Our DPLA Beta Sprint contribution describes a model for how cultural heritage organizations with an existing online presence can maximize the discovery and use of their digital library collections through a minimal amount of centralized coordination facilitated by the DPLA. We believe that a significant amount of cultural heritage content is already published in digital form on the Web, but is largely hidden and poorly discoverable by the general public. In this context, we think that the DPLA initiative is well positioned to act as a catalyst to virtually move large amounts of this content from the invisible Web, to the visible and interoperable Web.
The proposed system consists of two basic components:
DPLA Collection Profiles provide a mechanism for the DPLA to host an centralized web-based, editable directory of collections on the Internet. The collection profiles would be both human readable, and machine actionable. The profiles would consist of an extensible set of descriptive and technical attributes about the collection. In our model, the general public can participate in the creation and promotion of these profiles.
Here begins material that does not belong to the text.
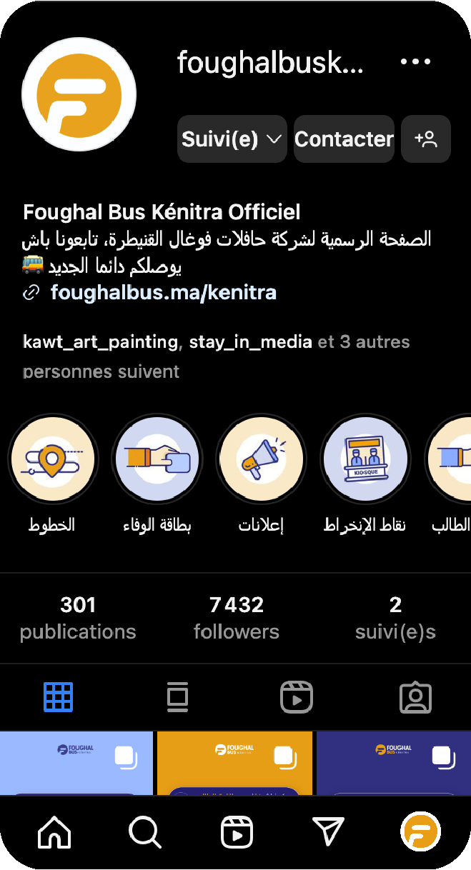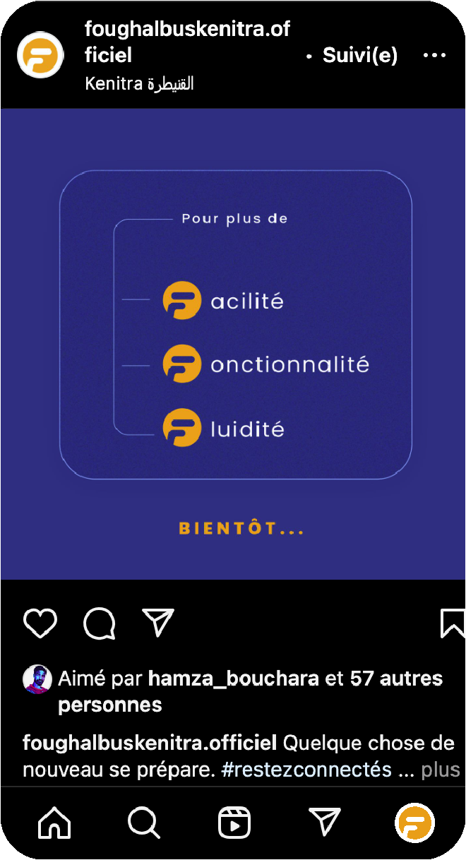Foughal Bus Kénitra incarne le dynamisme et la modernité dans le domaine du transport urbain. Son visuel repose sur des éléments graphiques forts qui illustrent l'innovation, la fluidité et la fiabilité de ses services.

DPLA Collection Achievements provide a mechanism for progressively expanding Collection Profile descriptions. Collection Achievements are named entities that represent specialized collection enhancements that can be attached to DPLA Collection Profiles. Achievements provide a versatile framework for describing many different kinds of collections. Achievement offerings can evolve over time to capitalize on new technology or new models for accessing collections.
The goal of this work is to enable service providers and developers to leverage this shared collection description infrastructure to build new aggregation and interoperability services. These services could include search indexing services, visualization tools, instructional tools, promotional tools, analytics services, and recommendation services.